Major botanical institutions were established or expanded during this period. The Royal Botanic Gardens at Kew, under the directorship of Joseph Banks from 1778, became the world’s premier botanical research center. Similar institutions emerged across Europe—the Jardin des Plantes in Paris, the Royal Botanic Garden Edinburgh, and numerous university botanical gardens. These institutions not only housed collections but trained the next generation of botanists and plant hunters.

The Enlightenment also saw theoretical advances that contextualized botanical knowledge within broader frameworks. Early ideas about plant geography emerged as botanists noticed patterns in how plants were distributed across climates and regions. The foundations were laid for understanding plant physiology, reproduction, and ecology.

Ethical Complications:

Yet Linnaean taxonomy, for all its scientific utility, embedded European cultural assumptions and power dynamics into the very structure of biological classification. The system erased or subordinated indigenous nomenclature systems that often contained sophisticated ecological and utilitarian information. When a plant received its “official” Linnaean name, indigenous names—sometimes dozens of them, representing different languages and different aspects of the plant’s uses and properties—were relegated to footnotes or ignored entirely.

The binomial system also often commemorated European botanists and patrons while the indigenous peoples who had cultivated and understood these plants remained anonymous. Consider Cinchona (the source of quinine), named for a probably apocryphal Spanish countess, while the indigenous Quechua peoples who had used the bark medicinally for generations went unacknowledged. This pattern repeated thousands of times, encoding colonial hierarchies into scientific nomenclature that persists today.

Joseph Banks and the great naval expeditions of the Enlightenment exemplify the inextricable entanglement of botanical science with imperial expansion. Cook’s voyages combined scientific inquiry with strategic mapping, territorial claiming, and assessment of commercial resources. Banks was not merely a scientist but an imperial strategist who advised the British government on colonial policy, seeing botanical knowledge as essential to imperial administration and economic exploitation.

The collections from Australia and the Pacific came at catastrophic cost to indigenous peoples.
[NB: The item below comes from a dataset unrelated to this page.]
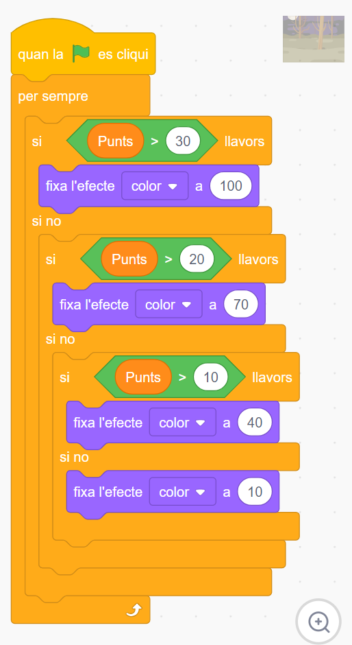 También podemos cambiar efectos del escenario (back drop), fijaremos un color diferente par cada nivel:

First contact with Europeans brought disease, violence, and the beginning of dispossession that would devastate Aboriginal Australian and Pacific Islander populations. The botanical “discoveries” were enabled by the same expeditions that initiated colonization. Banks himself later advocated for establishing penal colonies in Australia and moving economically valuable plants between British colonies to maximize imperial profit.

The plant hunters and collectors of this era were advance scouts for empire. Their maps, descriptions, and specimens informed decisions about which territories to colonize, which resources to exploit, and how to restructure indigenous economies to serve European interests. Botanical gardens became institutions of imperial power, places where colonial officials learned which crops might thrive in which colonies, where plants were acclimatized before being transferred between colonial possessions, and where the economic potential of empire was literally cultivated.

The sexual metaphors Linnaeus used in his classification system—categorizing plants by their reproductive organs using terms like “marriage beds” and describing botanical relationships in anthropomorphic, often erotic terms—also reflected 18th-century European cultural attitudes toward gender and sexuality. While botanically accurate in describing plant reproduction, this framing made botany simultaneously more accessible to popular audiences and more culturally laden with European assumptions.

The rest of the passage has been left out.